# Newbie



## MacMillan (Sep 23, 2019)

Hi Guys,

I have rented motorhomes for myself and my girlfriends for many years and now I have finally gotten my husband to agree a series of trips this year with a view to buying one for ourselves so we can go out and about in our retirement years!!!

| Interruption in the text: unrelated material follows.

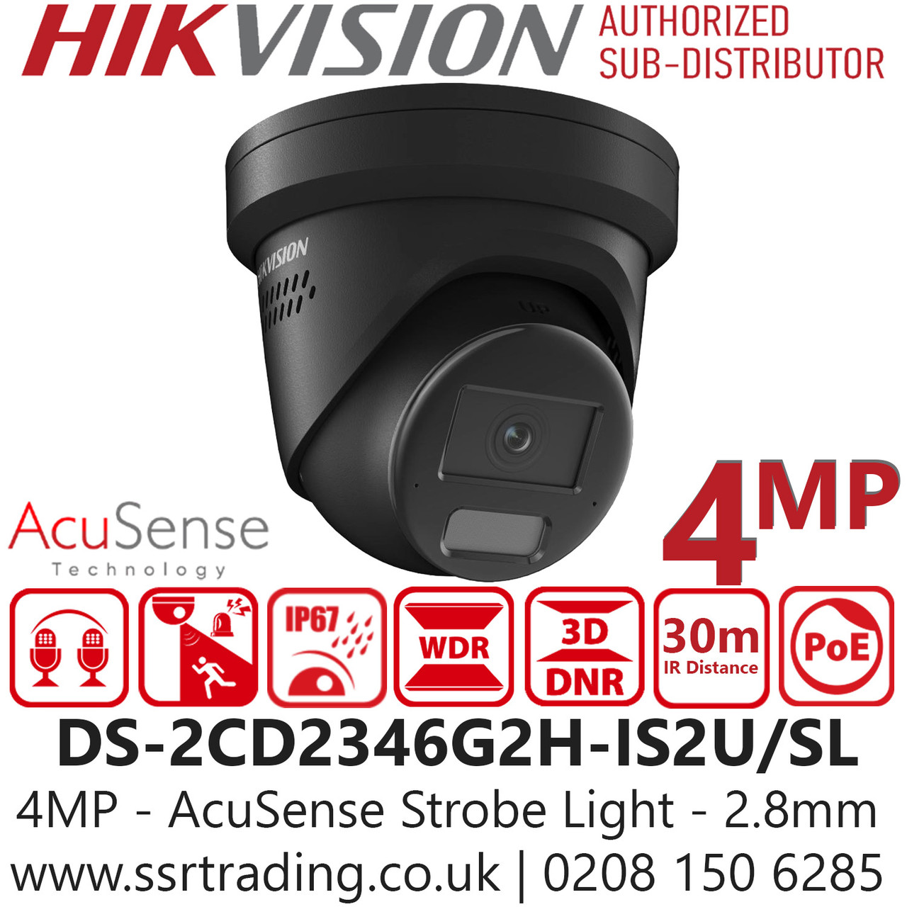 The Hikvision DS-2CD2346G2H-IS2U/SL/Black is a professional 4MP IP turret camera designed for reliable surveillance with advanced AcuSense technology. Featuring intelligent human and vehicle detection, built-in microphone, and active strobe light with audio alarm, it enhances security for commercial and residential applications. With H.265+ compression, the camera ensures efficient bandwidth and storage usage. Its weatherproof design (IP67) and infrared night vision deliver clear images in challenging environments. GDPR-compliant and NDAA-ready, this model meets UK standards for data protection and security. Ideal for businesses seeking robust monitoring solutions with smart analytics and long-term performance.

Our 1st adventure is a 3 night/ 4 day adventure to Dorset, Lyme Regis, Studland Bay and then the New Forest perhaps??? any ideas, suggestions etc will be super useful!!!

Kind regards
Anne-Marie


----------



## Makzine (Sep 23, 2019)

Hello and welcome


----------



## The laird (Sep 23, 2019)

Hi welcome and enjoy


----------



## trevskoda (Sep 23, 2019)

Welcome from Co Antrim,dont hold to retirement,do it now as there is always the weekends.


----------



## jeanette (Sep 23, 2019)

Hi and welcome think about becoming a full member and you’ll have 1000’s of POI’s


----------



## mickymost (Sep 23, 2019)

Welcome to the land of Fun you wont regret and the adventures have just begun


----------



## yorkslass (Sep 23, 2019)

Hi, welcome


----------



## Steve and Julie (Sep 23, 2019)

Hello and welcome


----------



## vindiboy (Sep 23, 2019)

Hi, welcome to the Forum and Motorhoming, take a look at the Camping and Caravan club , great club, they have lots of temporary holiday sites cheap and  good and also weekend rallies in the area you are considering, do not be put off by the word RALLIES, they are great, do your own thing or join in any activities that may be on offer  on the rallies, no pressure to participate or not  , but  the positions of the venues are always where you want to be, any where in the UK, also the POIs [places to park up for overnights ] on this forum are great too.Lots of other  apps on line for night stops also, have fun, Malc.


----------



## phillybarbour (Sep 23, 2019)

Hi and welcome along to the group.


----------



## vindiboy (Sep 24, 2019)

trevskoda said:


> Welcome from Co Antrim,dont hold to retirement,do it now as there is always the weekends.


  That is right,too many folks hold out till retirement but get overtaken by the BIG retirement ,RIP ?


----------